EK: It’s literally what I’ve - I’ve never thought it would happen, but it’s what I always hoped would happen. You know when I was a kid that was some of the first shows I went to, the first music I experienced. My older brother was a Deadhead so would bring me around to Dead shows when I was a kid, I used to collect the tapes, I was a little Deadhead. It was some of the first things I learned on the guitar. So it’s huge for me. Then there were many years where I kind of went away from that, I was more funk and jazz and soul, I went that route. When Phil called me to start playing with him, I was super honored, and it was kind of a gateway, to come full circle and start listening to that music again. To be honest, when I got really deep into songwriting in the last 10 years, I had been kind of referring back to that. When I went to learn all of those songs for Phil, I realized what an incredible catalogue they music had, and what incredible writers they are. So I’ve been super inspired by that, and being around Phil. Then Phil has me singing a lot with him, he’s been pushing me in that realm which has been great. It’s been full circle, and in the last year, he said, let's get some of your guys, and I said ‘Let's Do It!’
Watching Alan and Neal, they weren’t really Deadheads at all, but I would always kinda sneak certain stuff on in the van, it wasn’t really their thing. I think now they are having the same experience, going through the catalogue and learning the music, sayin’ “Oh Man, there is some great music here!” They’re even having a blast with it. This last time we had the Shady Horns with Phil and he just loves them SO much. They’re vibe is so great. It’s a blessing, for sure.
BL: How do you feel about playing your own music at Terrapin Crossroads, rather than the songs of the Grateful Dead? Will Phil be collaborating on EKB tracks?

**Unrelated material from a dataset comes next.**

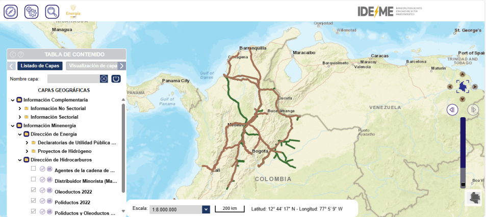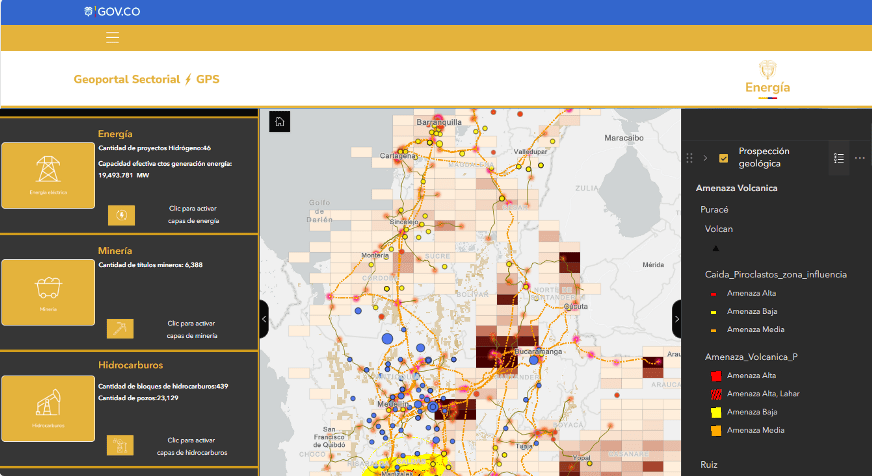 Los siguientes son algunos geovisores y otros recursos de información espacial en temas de minería, hidrocarburos y energía en el territorio colombiano:
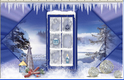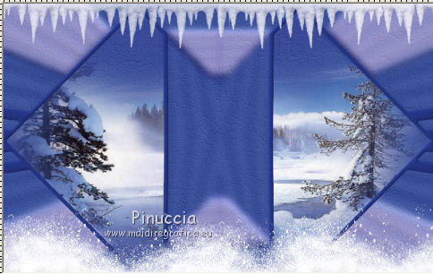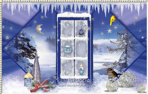 Pour traduire le tutoriel j'ai utilisé CorelX2, mais il peut également être exécuté avec les autres versions. Suivant la version utilisée, vous pouvez obtenir des résultats différents. Depuis la version X4, la fonction Image>Miroir a été remplacée par Image>Renverser horizontalement, et Image>Renverser avec Image>Renverser verticalement. Dans les versions X5 et X6, les fonctions ont été améliorées par la mise à disposition du menu Objets. Dans la nouvelle version X7, nous avons à nouveau Miroir/Renverser, mais avec autres différences. Voir plus les détails à ce sujet ici Certaines dénominations ont changées entre les versions de PSP. Les plus frequentes dénominations utilisées: ![]() Traduction en italien ici Nécessaire pour réaliser ce tutoriel: Matériel ici Tube de Guismo ![]() Si vous voulez utiliser vos propres couleurs, n'hésitez pas à changer le mode et l'opacité des calques 1. Placer en avant plan la couleur #40519d, et en arrière plan la couleur #ffffff. ![]() 2. Ouvrir une nouvelle image transparente 800 x 500 pixels. 3. Ouvrir Achtergrond-02-2013- Édition>Copier. Revenir sur votre travail et Édition>Coller comme nouveau calque. 4. Ouvrir deco-01-20- Édition>Copier. Revenir sur votre travail et Édition>Coller comme nouveau calque. 5. Sélections>Sélectionner tout. Sélections>Flottante. Sélections>Statique. Effets>Effets 3D>Biseautage intérieur. ![]() Sélections>Désélectionner tout. 6. Activer l'outil Baguette magique , tolérance et progressivité 0,et cliquer sur les parties à droite et à gauche pour les sélectionner. ![]() Sélections>Modifier>Agrandir - 2 pixels. 7. Calques>Mouveau calque raster. Ouvrir Cal-guis-mistpaysage- Édition>Copier. Revenir sur votre travail et Édition>Coller dans la sélection. Sélections>Désélectionner tout. 8. Calques>Agencer>Déplacer vers le bas. Vous positionner sur le calque du haut de la pile. Calques>Fusionner>Fusionner le calque de dessous. 9. Ouvrir snow-fun.pspimage- Édition>Copier. Revenir sur votre travail et Édition>Coller comme nouveau calque. Déplacer en haut, voir mon exemple.10. Réduire l'opacité de ce calque à 80%. 11. Ouvrir Sneeuw.pspimage- Édition>Copier. Revenir sur votre travail et Édition>Coller comme nouveau calque. Déplacer en bas à gauche, voir mon exemple.12. Calques>Dupliquer. Image>Miroir. Positionner bien les tubes pour avoir un bord de neige.![]() 13. Assurez-vous d'être positionner sur le calque de dessus. Calques>Fusionner>Fusionner le calque de dessous. 14. Ouvrir deco-deur-2013.pspimage- Édition>Copier. Revenir sur votre travail et Édition>Coller comme nouveau calque. Déplacer au centre, voir mon exemple.Déplacer ce calque au dessus du calque du cadre. 15. Ouvrir deco-2-2013. pspimage- Édition>Copier. Revenir sur votre travail et Édition>Coller comme nouveau calque. Calques>Agencer>Placer en haut de la pile. Déplacer en bas à gauche, voir mon exemple.16. Ouvrir zilveren-ballen.pspimage- Édition>Copier. Revenir sur votre travail et Édition>Coller comme nouveau calque. Déplacer en bas à droite.![]() 17. Ouvrir Vogel.pspimage- Édition>Copier. Revenir sur votre travail et Édition>Coller comme nouveau calque. Déplacer en bas à droite, sur la boule.![]() 18. Ouvrir sterren-rand.pspimage- Édition>Copier. Revenir sur votre travail et Édition>Coller comme nouveau calque. Déplacer en haut.19. Ouvrir maan.pspimage- Édition>Copier. Revenir sur votre travail et Édition>Coller comme nouveau calque. Déplacer en haut à gauche.20. Ouvrir ster.pspimage- Édition>Copier. Revenir sur votre travail et Édition>Coller comme nouveau calque. Déplacer en haut à droite.![]() 21. Image>Ajouter des bordures, 2 pixels, symétrique, couleur #40519d. Édition>Copier. 22. Sélections>Sélectionner tout. Image>Ajouter des bordures, 50 pixels, symétrique, couleur blanche. Sélections>Inverser. Édition>Coller dans la sélection. 23. Réglage>Flou>Flou gaussien - rayon 30. ![]() Sélections>Désélectionner tout. 24. Ouvrir rand-1-2013- Édition>Copier. Revenir sur votre travail et Édition>Coller comme nouveau calque. 25. Effets>Effets 3D>Ombre portée, couleur noire. ![]() 26. Image>Ajouter des bordures, 1 pixel, symétrique, couleur #ffffff. 27. Signer votre travail sur un nouveau calque. Calques>Fusionner>Tous et enregistrer en jpg. ![]() Si vous avez des problèmes, ou des doutes, ou vous trouvez un link modifié, ou seulement pour me dire que ce tutoriel vous a plu, vous pouvez m'écrire. 14 Décember 2015 |

EK: I mean, that was like, I’ve been dreaming of that. Not only did he invite me, but then he called me and actually asked me if he could play. I was like ‘Are you kidding me?’ I think we might get him on one or two EKB tracks, and then do some of his music too.
BL: You recently got to play Jerry Garcia’s Tiger guitar in Central Park, and additionally received the Paul Reed Smith to work with at a run of Phil shows in Brooklyn. Has the incorporation of tone, timber and pedals changed your perception of how you might play in the future? Will we be seeing more of these configurations and techniques in future Eric Krasno shows?
EK: Definitely. It has just all been more ingredients thrown into the pot, into the gumbo, not to be too New Orleans. I’m just trying to incorporate more and more vocabulary and more sound into what I’m doing. Being able to play Tiger was another bucket list checked off. Now I’ve been playing with John Mayer’s guitar. It’s inspired me to expand my pallet of sounds, I guess. I’ve been doing a lot of experimenting with guitars and pedals, and the only downside, is that my tech and I have a lot more stuff to carry around. I’ve maybe gone a little too far. It’s fun, it’s really fun.
BL: You are no stranger to Bay Area. We absolutely love you out here, and truly look forward to your three Bay Area shows. Welcome Back Krasno!
EK: I’m really looking forward to it! The show at Brick and Mortar is also with the Jazz Mafia guys opening and hopefully sitting in a little bit too!